Thursday, October 9, 2008
Amidst the Turmoil, Perry says Texas economy is strong
By Kate Alexander, Robert Elder
AMERICAN-STATESMAN STAFF
Tuesday, October 07, 2008
As the stock market shed 3.6 percent of its value Monday, Gov. Rick Perry talked up the Texas economy before sitting down with some agency chiefs for a "frank discussion" about the implications of the national economic turmoil for the state.
"I'm very pleased to say that our state's economy is better suited than just about any other state to weather this financial crisis," Perry said Monday during the meeting at the Capitol.
It is a message that state officials have often proffered since the economy took a turn for the worse a year ago.
Perry, however, added a note of caution. "As strong as our economy is, it is still interlaced with the economies of other states that are in substantially worse condition than we are," Perry said.
The Texas economy is growing but at a slower pace than in recent years, the Federal Reserve Bank of Dallas reported last month. Culprits include high commodity prices and the ongoing credit crisis. Employment in Texas grew at a modest 1.4 percent annualized rate in August, and residential real estate and construction continue to flounder. Exports remained strong, however, thanks to the decline of the dollar, and oil and natural gas prices remained high enough to keep the energy business humming.
Dick Lavine, senior fiscal analyst for the Center for Public Policy Priorities in Austin, said no one can be certain how the Texas budget next year might be affected by national conditions. For instance, the state might have to put more money toward children's health insurance and Medicaid because the federal budget is being stretched thin, he said.
"Looking backward, things were going great," Lavine said. "But going forward, we're driving into the fog." Ronnie Jung, the executive director of the $105 billion Teacher Retirement System pension fund, was one of the agency chiefs who met with Perry.

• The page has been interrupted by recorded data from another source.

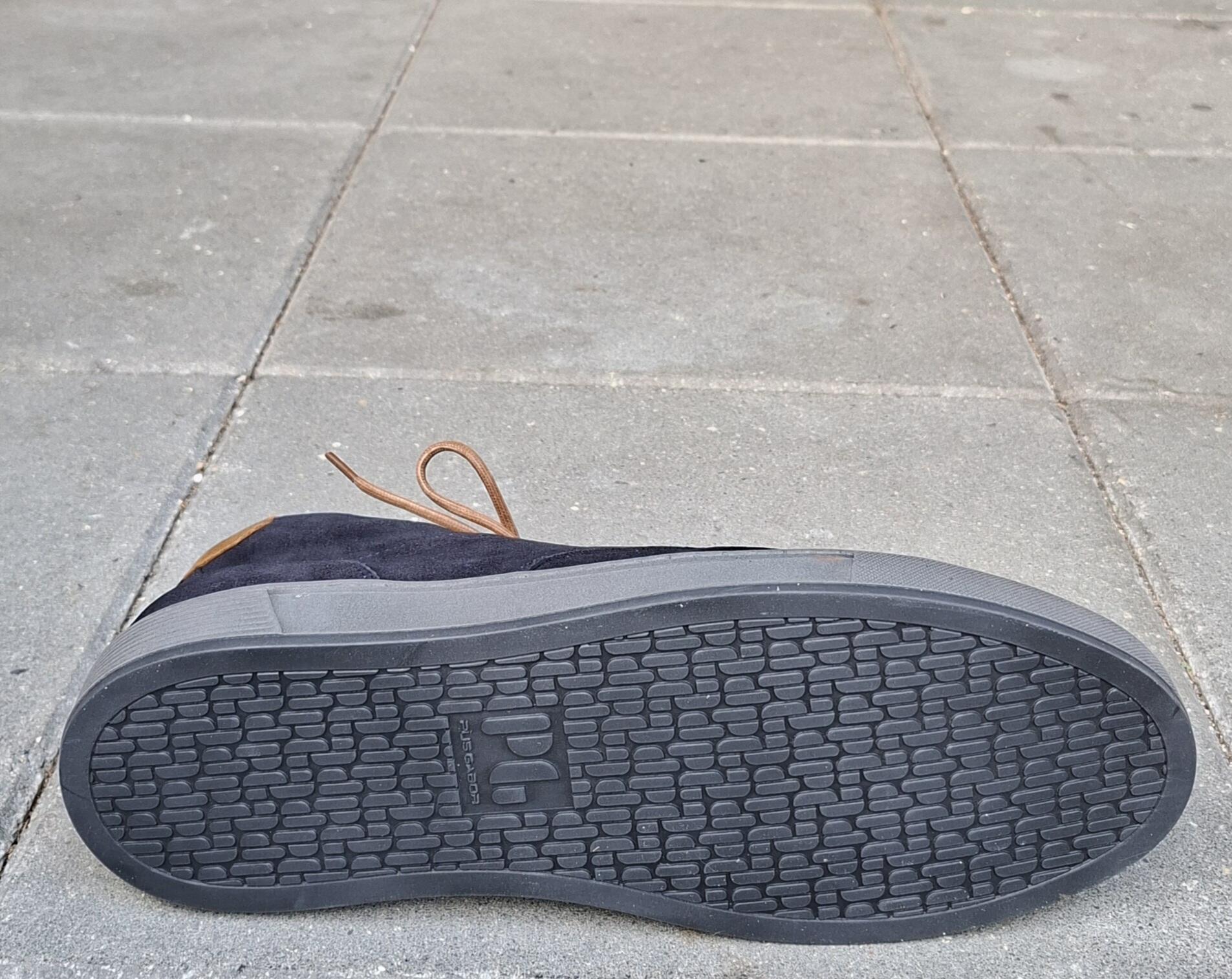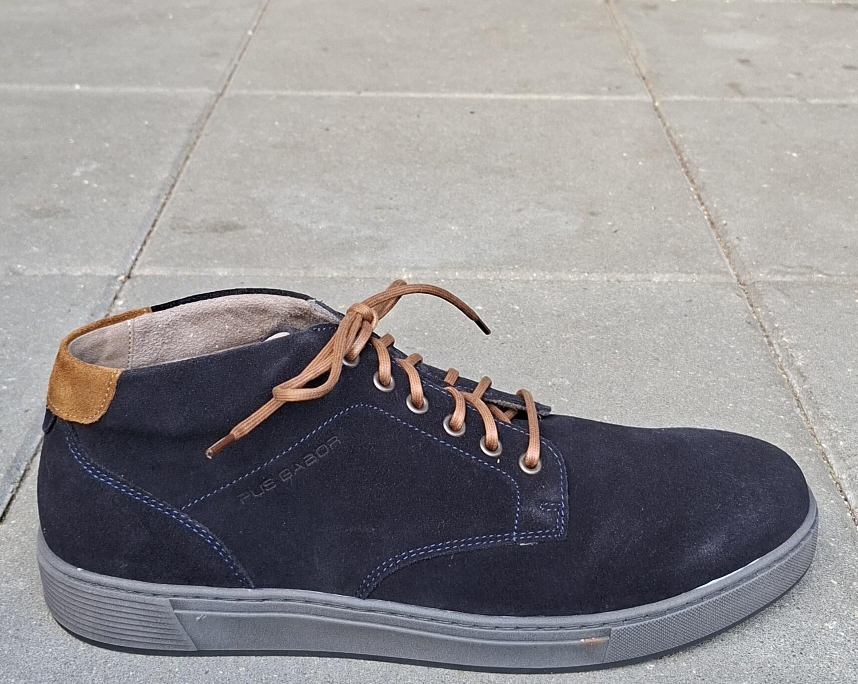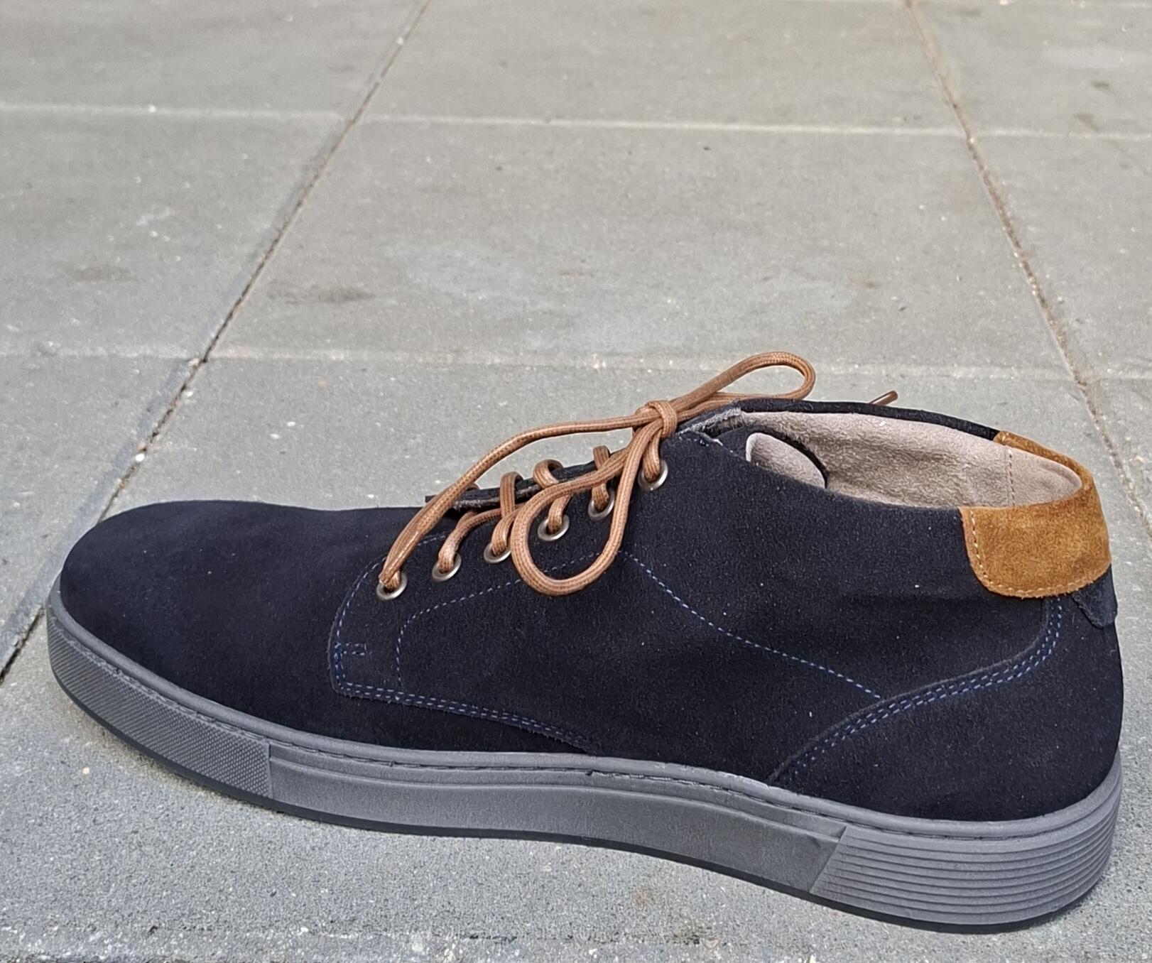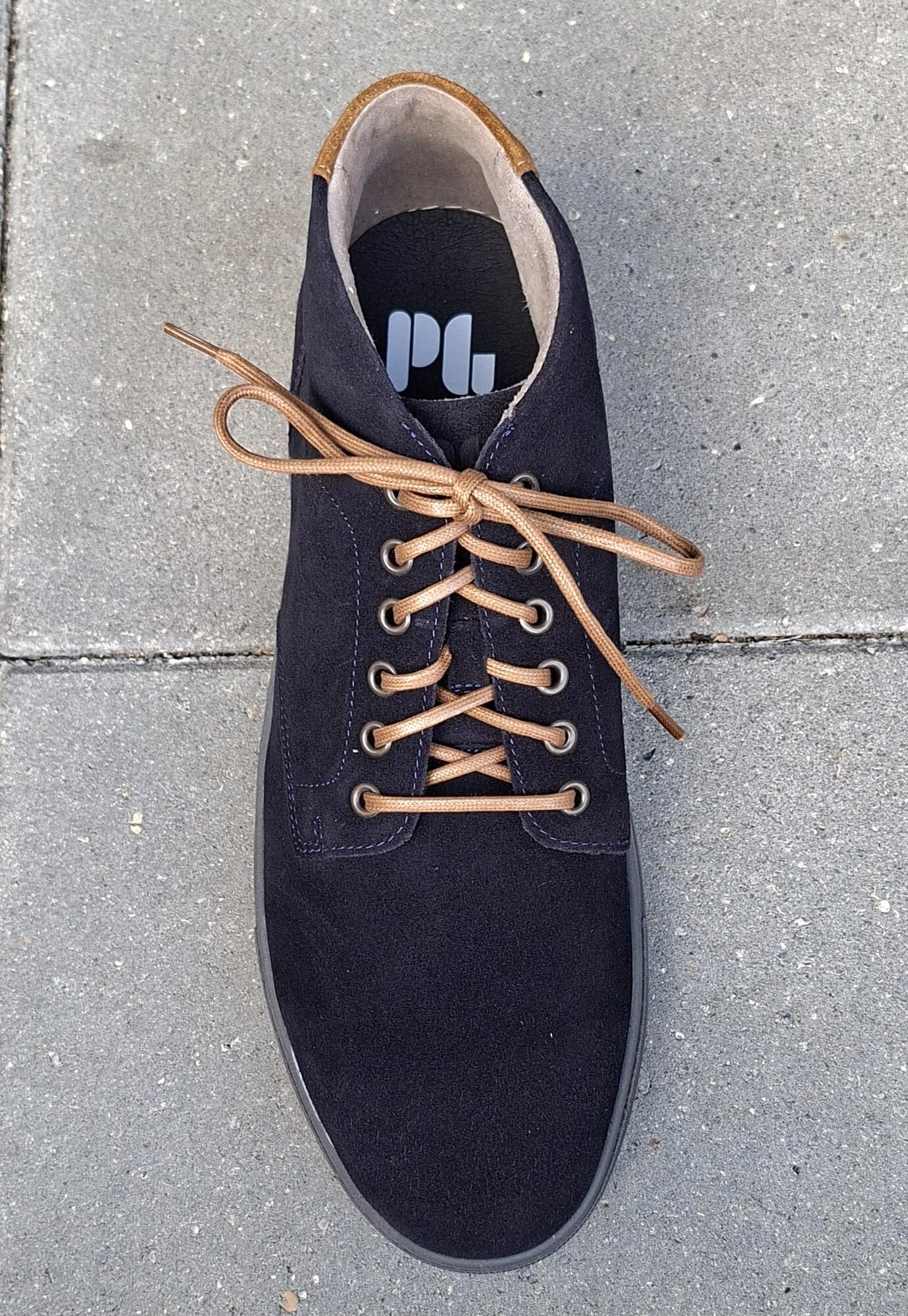 Smart lav snørestøvle i kombineret mørkeblå og lys brunt ruskind. Der er brune snørebånd og udtagelig sål. Almindelig bredde.
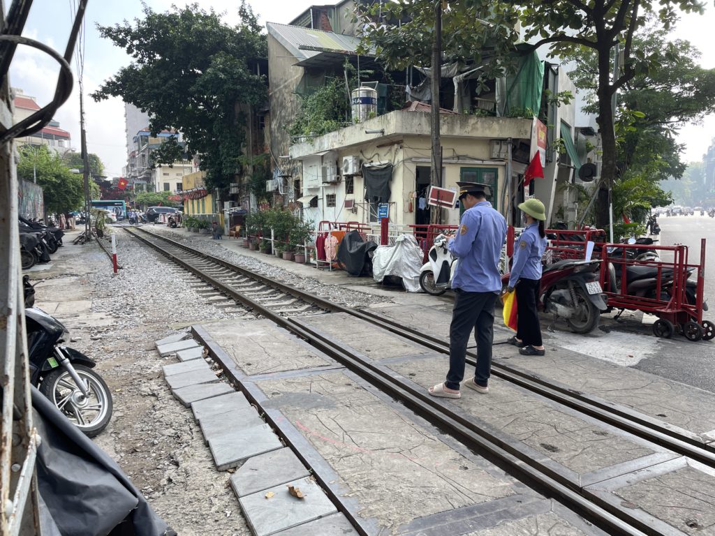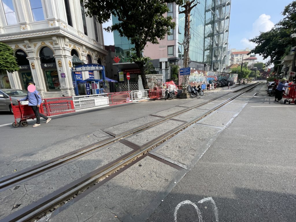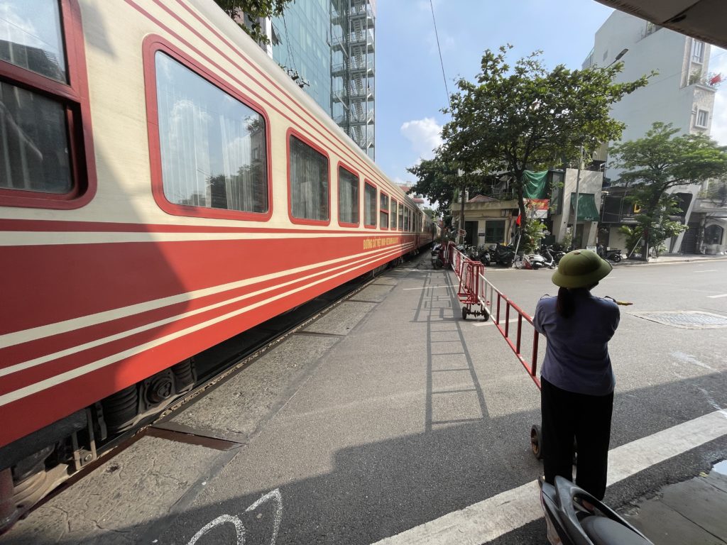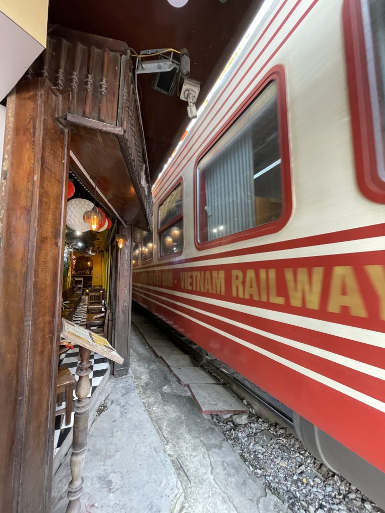 踏切を通過した列車は、線路ギリギリに建てられたお店の軒先を走っていきます。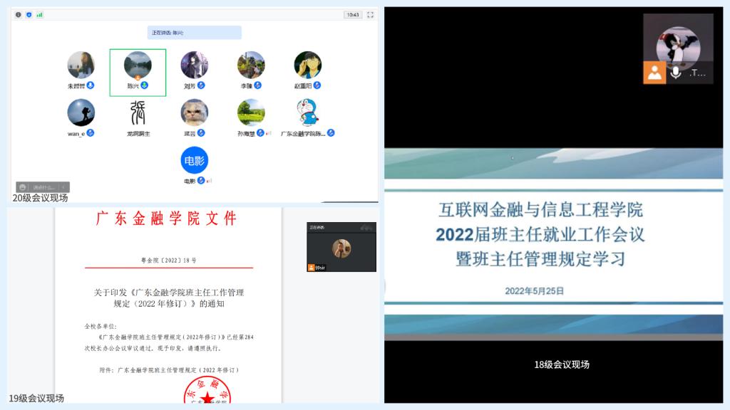 2022年5月25日,公司在腾讯会议平台分年级组织班主任专题学习公司新修订的《班主任工作管理规定》,校本部各年级辅导员、班主任参加了本次学习会,会议分别由各年级级长冯晓骏老师、钟培权老师、陈兴老师主持。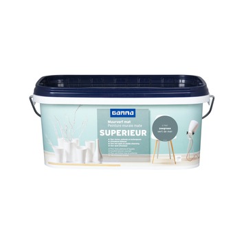 De Superieur matte muurverf (2,5 liter) van GAMMA is watergedragen verf om je muren, plafonds en buitengevels in een nieuw jasje te steken. Welk jasje? Een mat jasje in de kleur zeegroen dat niet alleen uitstekend dekt, maar ook nog eens afwasbaar is. Wat wil je nog meer? Een voordelige prijs? Bij deze! Tip: verkrijgbaar in verschillende hoeveelheden én kleuren. Combineer met afplaktape en verfborstels die geschikt zijn voor je verfkeuze (nl. watergedragen).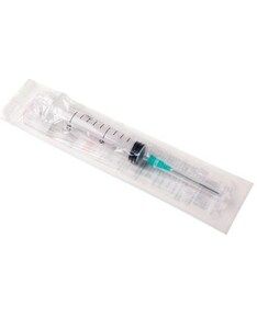 Шприц стерильный инъекционный однократного применения состоит из полого прозрачного цилиндра с нанесенной на него градуированной шкалой, наконечником (конусом) с отверстием и упорами для пальцев, штока-поршня с упором штока на нем и уплотнительным кольцом — манжетой (уплотнителем), надетой иглой инъекционной с защитным колпачком на ней.Соединение поршня с цилиндром и конусное соединение наконечника цилиндра с головкой инъекционной иглы водонепроницаемы, воздухонепроницаемы и герметичны под давлением.Шприц стерилизован оксидом этилена.Характеристики: СтерильныйОдноразовыйТрехкомпонентныйОбъем шприца 10 млШкала имеет градуировку до 10 млХарактеристика иглы:изготавливается из специальной особо прочной медицинской нержавеющей стали, трехгранная лазерная заточка иглы увеличивает проникающую способность иглы без дополнительных усилий (для быстрого безболезненного проникновения), смазка нанесена на наружную поверхность трубки иглы.Игла 21G x 1 ½» (0.8 x 40 мм), надета на шприцПреимущества:Стопорное кольцо исключает случайное извлечение поршня из цилиндра и вытекание лекарства для внутримышечных инъекцийОбщая вместимость шприца несколько превышает номинальный объем (не менее, чем на 10 %)Прозрачный цилиндр облегчает контроль объема и прозрачности медикаментаИндивидуальная упаковка обеспечивает сохранность стерильности.Специальное покрытие (смазка) способствует легкому и плавному введению иглы. Смазка нанесена на внутреннюю поверхность шприца, включая поршень, и наружную поверхность трубки иглы, не заметна в виде капель при наблюдении нормальным или скорректированным до нормального зрением.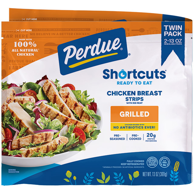 Grilled PERDUE® SHORT CUTS® Carved Chicken Breast are perfectly seasoned, fully cooked, chicken strips. Skip the grill and make meal prep a breeze. Whether you eat them right out of the bag or add them to your favorite salad, wrap, or pasta, these chicken strips are delicious and ready when you are!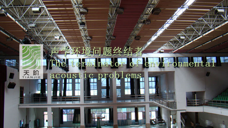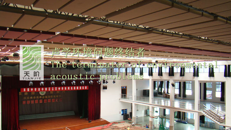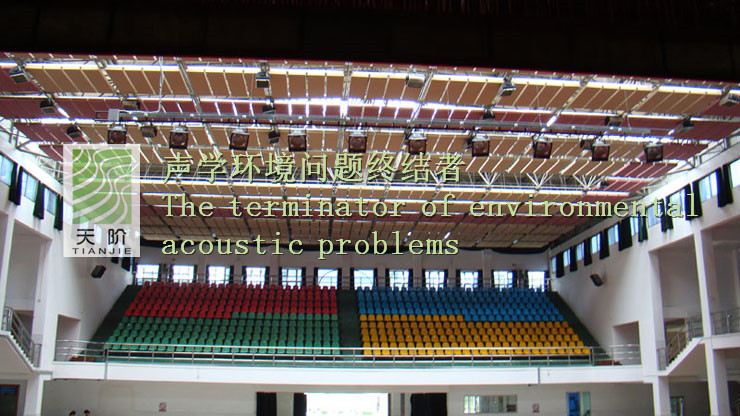 東莞中學(xué)體育館采用的是空間吸聲體??臻g吸聲體是一種懸掛在頂棚具有高效吸收性能的吸聲材料??臻g吸聲體一般水平或者垂直吊掛??臻g吸聲體面積占頂棚面積30%-40%時其材料的吸聲性能是其他聲學(xué)材料吸聲性能的2倍。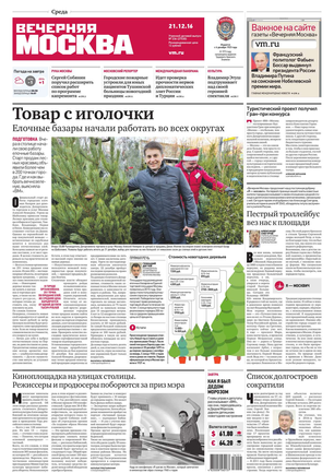«Вечерняя Москва» — ежедневная российская вечерняя газета, старейшее из вечерних изданий в России, учрежденное в 1923 году. Выходит пять дней в неделю, кроме субботы и воскресенья. Отличается тем, что рассказывает о событиях еще не завершившегося дня. Оперативно освещает хронику и особенности жизни Москвы, охватывает все слои общества и большинство профессиональных и возрастных групп читателей.Издание представлено тремя выпусками – утренним ежедневным, вечерним (выходит три раза в неделю), еженедельным (выходит по четвергам).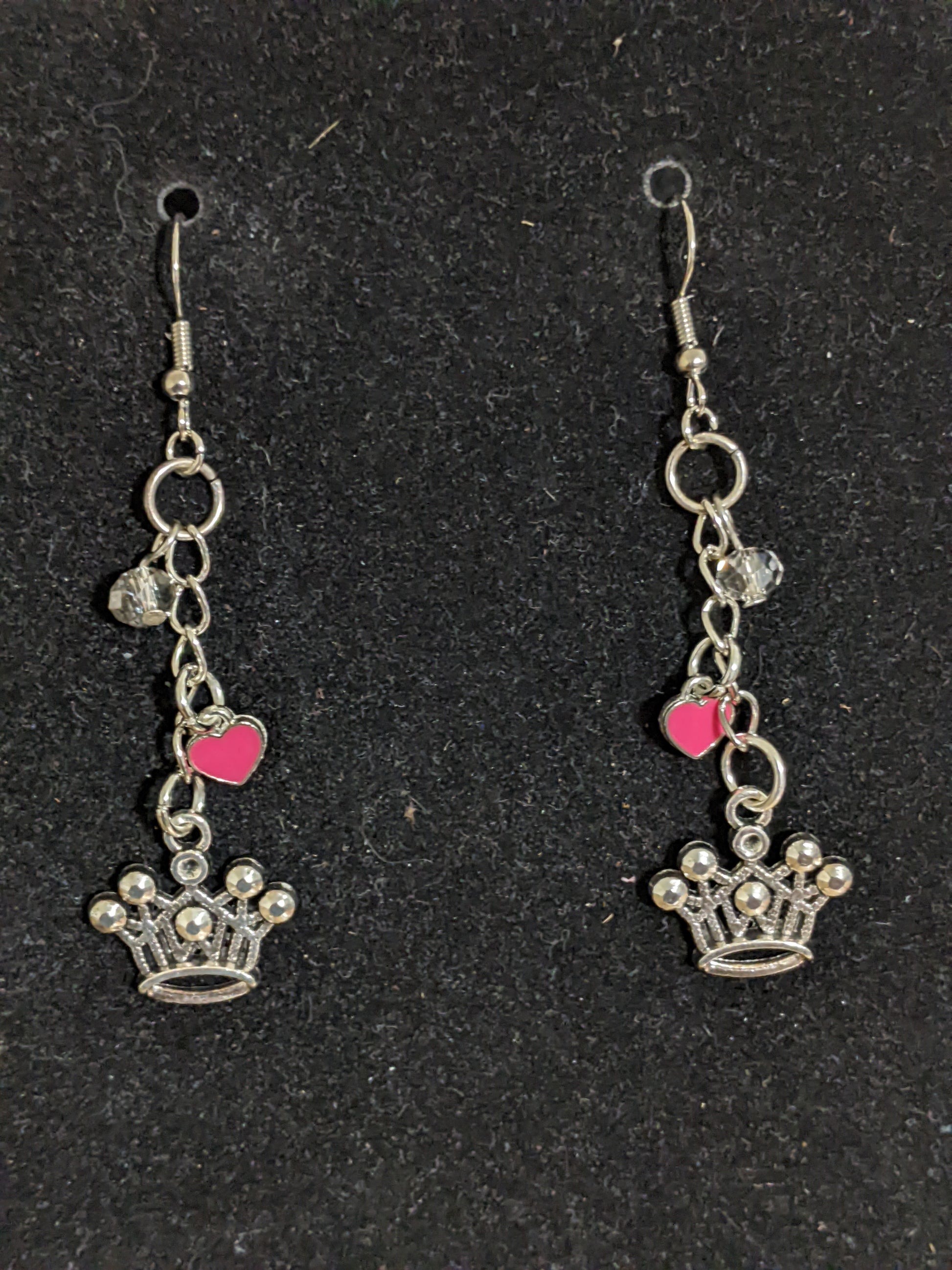 This pair is comprised of a silvertone chain with beads, pink hearts and crown charms, and hung on fish hook wires. These are antique silver/pewter in color. The fish hook wires are nickel free, and I include plastic stops.

Other leaders who attended the meeting were Ann Fuelberg, executive director of the Employees Retirement System of Texas, the $22 billion pension fund for state workers; and Holland Timmins, chief investment officer of the Permanent School Fund, the state's $24 billion endowment for public education. Jung later held a previously scheduled conference call for TRS members and told them that benefits "are not directly impacted by the day-to-day market swings" that garner the headlines.
Jung said the system, which serves 1.2 million active and retired members, is a defined benefit plan whose benefits are determined by age, years of service and salary.
"In the long run, investment returns are critical to a sound retirement system," Jung said. He said he thinks that the Teacher Retirement System's investments are broadly diversified and won't be too damaged by the current market turmoil.